Aegis turned back to me, smiling. "You are lucky that I have come along," he said in his gravelly, wet voice. "None but a High Actem would have the skills to repair that kind of damage. And none but me would have the nerve to do it."

He grew solemn as he reached up and ran a hand down my head, petting me like a dog.

"I do not want to see you turned out to the king's revenants, used up like an old dishrag.

I like you, you see. I have liked you since you were the barest slip of a girl, when I gave you your pretty golden bracelets. "

Shock ran through me at the revelation. Had Markus truly been conspiring with the Shadowlands since I was a child? How long had I been promised to Penjan?

"You probably do not often think of your bracelets, do you, child?" he asked with a secretive smile.

The hand that had been trailing down the side of my head slid down across my collarbone until it lay just over my heart.

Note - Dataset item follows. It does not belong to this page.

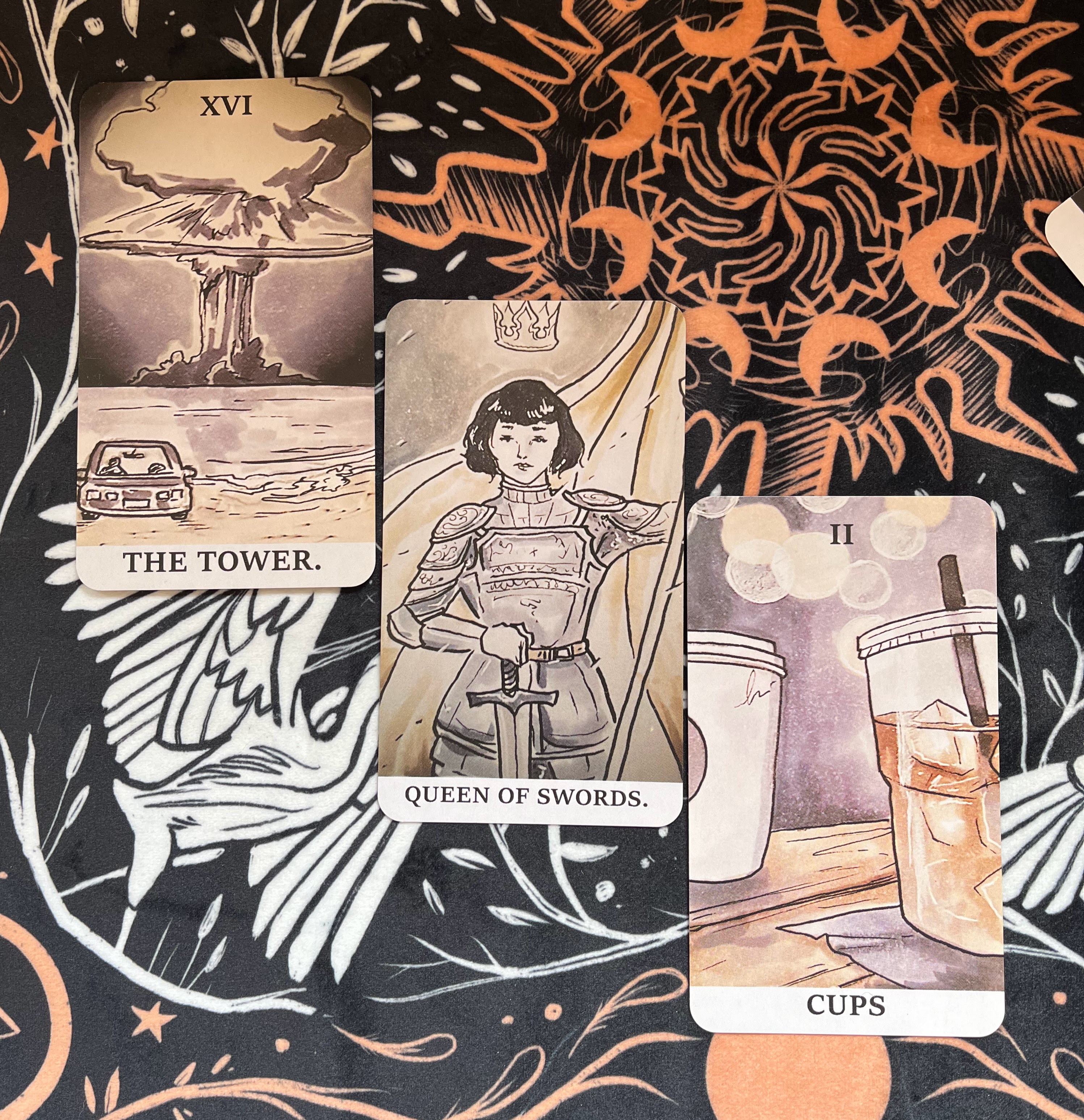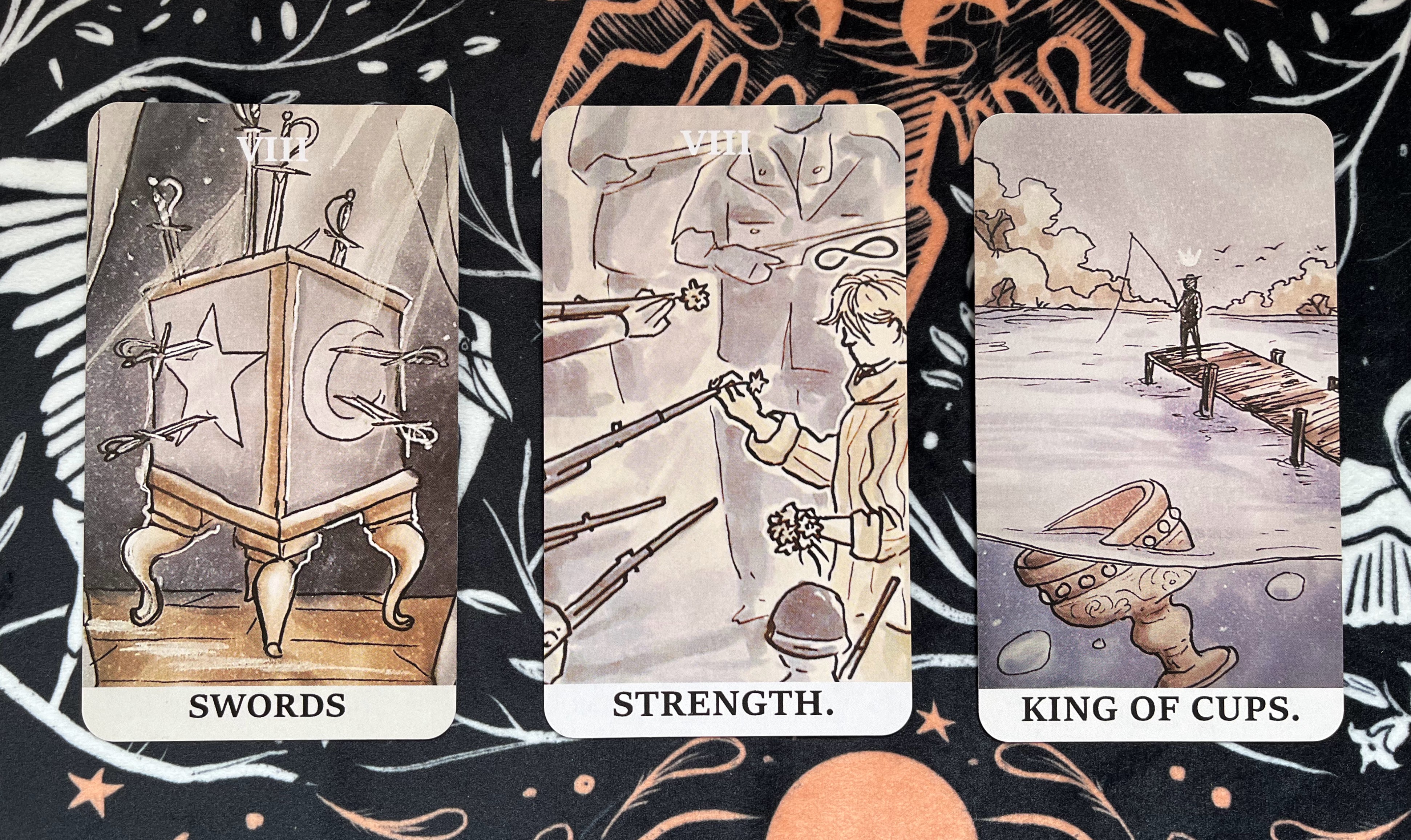 Least Favorite Card: XVI The Tower–I dunno, I want more? Compared to the originality and sheer emotional weight of the rest of this deck, this feels a bit mellow. And VII The Chariot also doesn’t seem to click with me.

With fumbling, shaky fingers, he slid it lower, trailing over the outline of my breast.

"You were such a small, delicate thing then. Who knew you would grow to be so...pretty." The tip of his tongue darted out, almost like a snake scenting the air. He inhaled deeply again. "If I had known you would let yourself be ruined, I would have taken the opportunity myself."

Anger exploded in my chest, and something broke free.

My hand came up, the metal cuff of my bracelet striking his head with a dull crack. Pain radiated up my arm as he went careening off to the side, landing in a heap on the stones.

As I moved to reach for him, he screamed like a petulant child. "Stop! Don't move!"

My fucking body betrayed me again. I stopped, my muscles frozen. I could not move again.

I looked down at the disgusting creature, and I wanted to pull my very bones out of my skin and use them to beat him to death. I would gladly have used my last breath of air to end his pathetic existence.

But I could do nothing. I was once again helpless, enthralled, enslaved.

I watched as a group of necromancers, all missing their last two fingers, came into the cell to lift the old man from where he had fallen onto the stone floor.

Blood trickled down the side of his head, and he had a dazed look on his face. My wrist throbbed from what I was sure were broken bones.

"That was very stupid," Aegis said angrily, pressing his hand to his head and staring at his bloody fingers.

He turned to the door and nodded to someone. After a moment, a guard stepped into the chamber—one of my Royal Guardsmen. His long gold and white embroidered cloak was swept back from his broad shoulders.

"Hold her," Aegis said, his voice rising as though some strong emotion was driving him.